In 2015, Loeb argued that the convenience store business should be unshackled from inefficient businesses like department stores, supermarkets and general merchandise stores. This prompted Seven & i to scale back its department store segment and shutter 40 supermarkets by 2020.
In 2016, at age 83, Suzuki abruptly stepped down as CEO of Seven-Eleven Japan as well as Seven & i, following a clash with the founding family. He tried to make his son his successor, but investors, board members and the family all rejected the idea.
Even after Suzuki's departure, Seven-Eleven remains highly profitable. But FamilyMart and Lawson are quickly catching up, all three are fighting for the same customers and workers, and the franchisees are getting squeezed.
"Convenience store operators may be making money, but only at the expense of franchisees," said Mitsuko Uenishi, a labor economist at Hosei University. She said the business model is under scrutiny and questioned whether they would continue to rely on cheap labor or switch to automation.
Lawson has swallowed two straight annual profit declines - and is expecting another this year - as it invests in equipment such as automated cash registers, and multilingual machines for foreign workers.
But it too has recognized that public opinion demands a response to the pressures on franchisees. Sadanobu Takemasu, Lawson's president, stressed that 24-hour opening remained the "basic" form of store operation. But at the same time he revealed that Lawson had already allowed 41 shops to cut hours.

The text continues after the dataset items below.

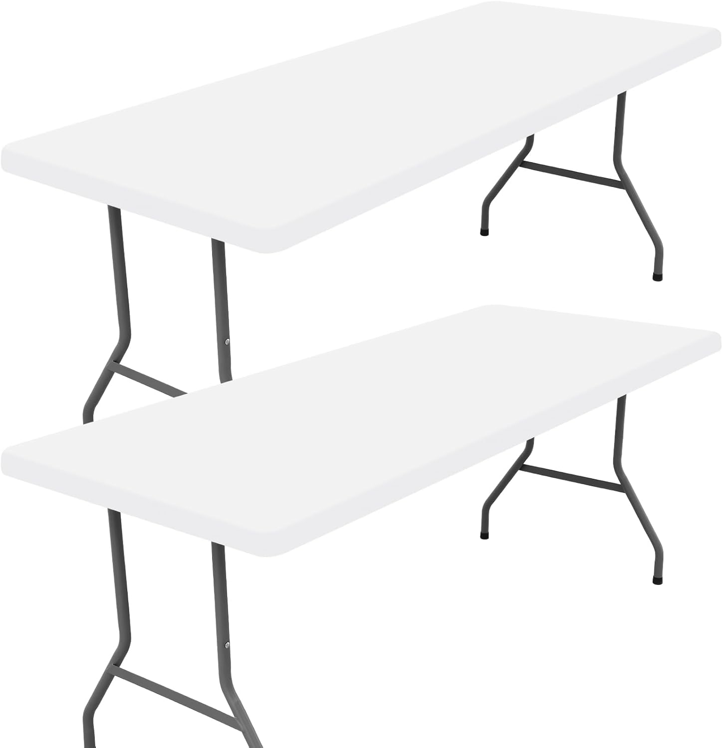 Spandex 5 Foot Rectangle Table Cloth 2 Pack, Elastic Fitted Tablecloths for Picnic, Stretch Washable Patio Table Cover for Outdoor, Camping, Banquet and Parties (White, 36"x60")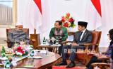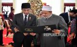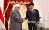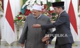 REPUBLIKA.CO.ID, JAKARTA -- Presiden Joko Widodo bersama Grand Syekh Al Azhar Imam Akbar Ahmed Al Tayeb bertemu di Istana Merdeka, Jakarta, Selasa (9/7/2024).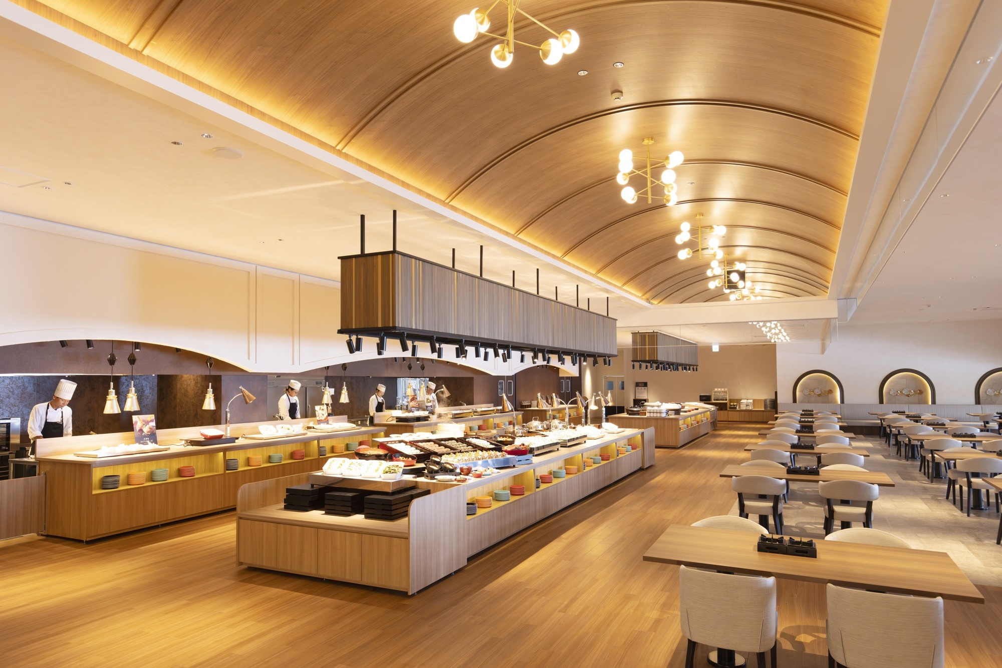 イタリアの田舎町をイメージした、温かくほっと一息つけるような雰囲気のレストランでは、伊勢志摩の食材を使用した地中海グルメをお楽しみいただけます。地中海風のパエリアや南イタリアの郷土料理で、濃厚でありながらさわやかな後味が特徴の地中海風レモンクリームパスタ、地中海野菜のトマトソースでいただく三重県産豚のシュニッツェルなど、華やかなお料理をご用意しております。また「オールインクルーシブ」を採用しているので、夕食時のアルコールはすべて飲み放題。三重県のお酒もご用意しております。「ゆったりと、たおやかに。」旅先ならではの優雅で贅沢なお食事を満喫ください。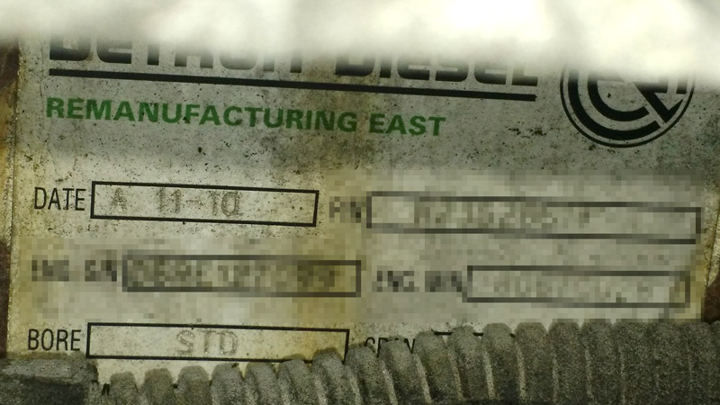 The engine was rebuilt in November 2010 (engine plate, shown above), so I knew it at least didn't have as many miles on it as the bus.
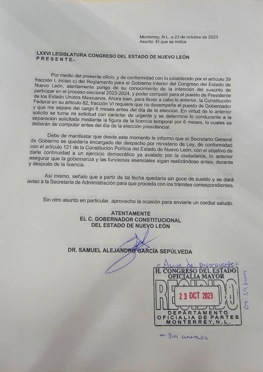 El gobernador de Nuevo León, Samuel García Sepúlveda, a través de la Consejería Jurídica, solicitó hoy en carácter de urgente al Congreso del Estado la aprobación de la licencia por seis meses para separarse del cargo y contender como candidato de MC a la presidencia de México en las elecciones del 2024, al tiempo que dejó a Javier Navarro como encargado de Despacho del Ejecutivo.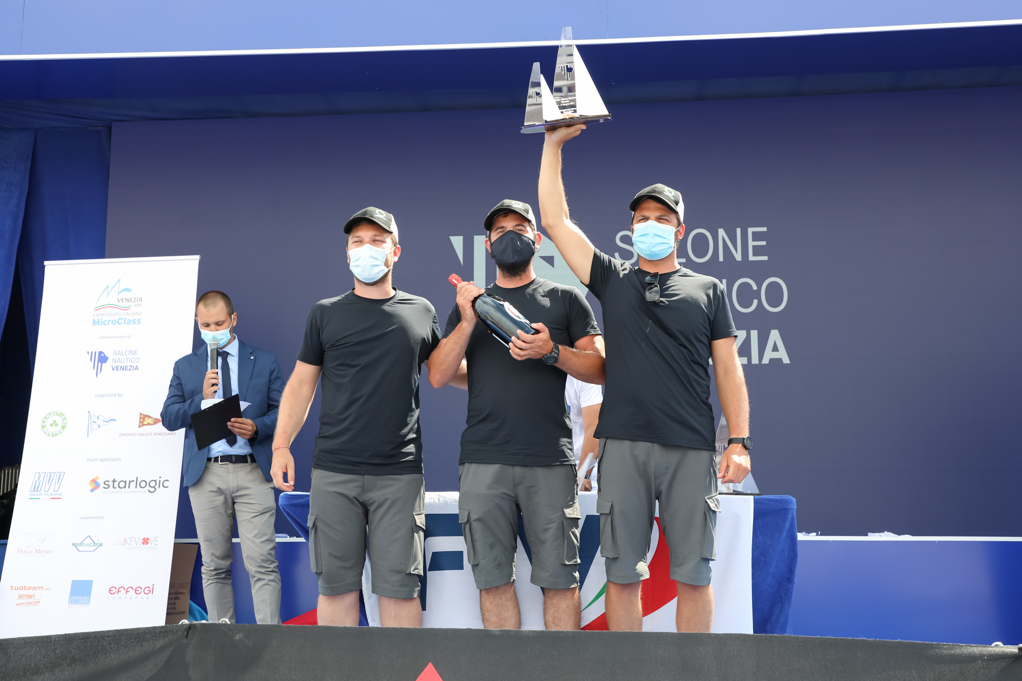 Premiati i primi tre classificati al Trofeo Salone Nautico Venezia 2021 – campionato italiano di Micro Class, evento organizzato da FIV Federazione Italiana Vela, Diporto Velico Veneziano, Circolo della Vela Mestre, Canottieri Mestre.Presenti alla cerimonia il Consigliere Comunale Matteo Senno e il direttore operativo del Salone Nautico, Fabrizio D’Oria.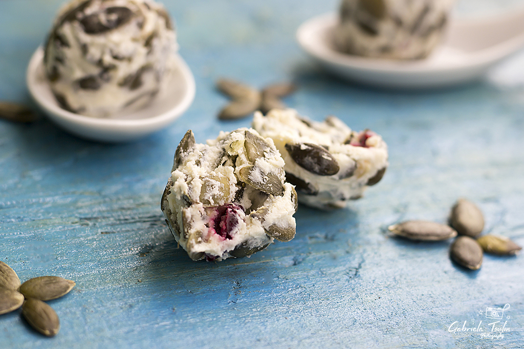 Съдържат повече мазнини, защото включват два вида ядки, както и крема сирене. Боровинките са за да създадат онази сладка нотка, която всички търсим при консумацията та трюфели и бонбони.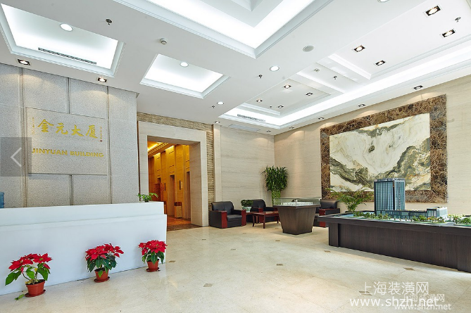 嘉定金元大厦办公室装修大厅.png - 浅色石材及不锈钢条的运用,显示出金属的质感和工业文明的主题;然而休息区的陈设却明丽葱郁,充满人文情感的自然气息,恰恰弥补了视觉中的刚硬个冷竣,使人倍感亲切;

FamilyMart has tried early closings in a few places and plans to experiment more in parts of Tokyo and other selected regions. Several dozen stores are expected to participate.
FamilyMart President Koji Takayanagi told reporters on April 10 that the moves are intended to deal with rising labor costs.
Still, all three chains are likely to resist a wholesale change to opening hours. To do so would require a radical overhaul, not just of labor practices but of the logistics and supply chain that is geared to keeping the shelves stocked 24 hours a day. Shorter hours for more than 100 stores in one area would mean "we will have to fundamentally change the way we do things," said Takemasu of Lawson.
As for Seven-Eleven, the company is hitting the brakes on store openings in favor of enhancing existing outlets to benefit existing franchisees. It will open just 150 stores through February 2020, down 80% on the year, in a strategic departure almost as jarring as cutting hours. Lawson too is slowing expansion.
Matsumoto, meanwhile, is not holding his breath for speedy change. He is skeptical that replacing one president will transform the Seven-Eleven culture. But he says he has no regrets about becoming a franchisee.
"Someone had to speak up," he said. "Maybe I joined this company because I was meant to do this."
Kenji Kawase, Nikkei Asian Review chief business news correspondent, contributed to this article.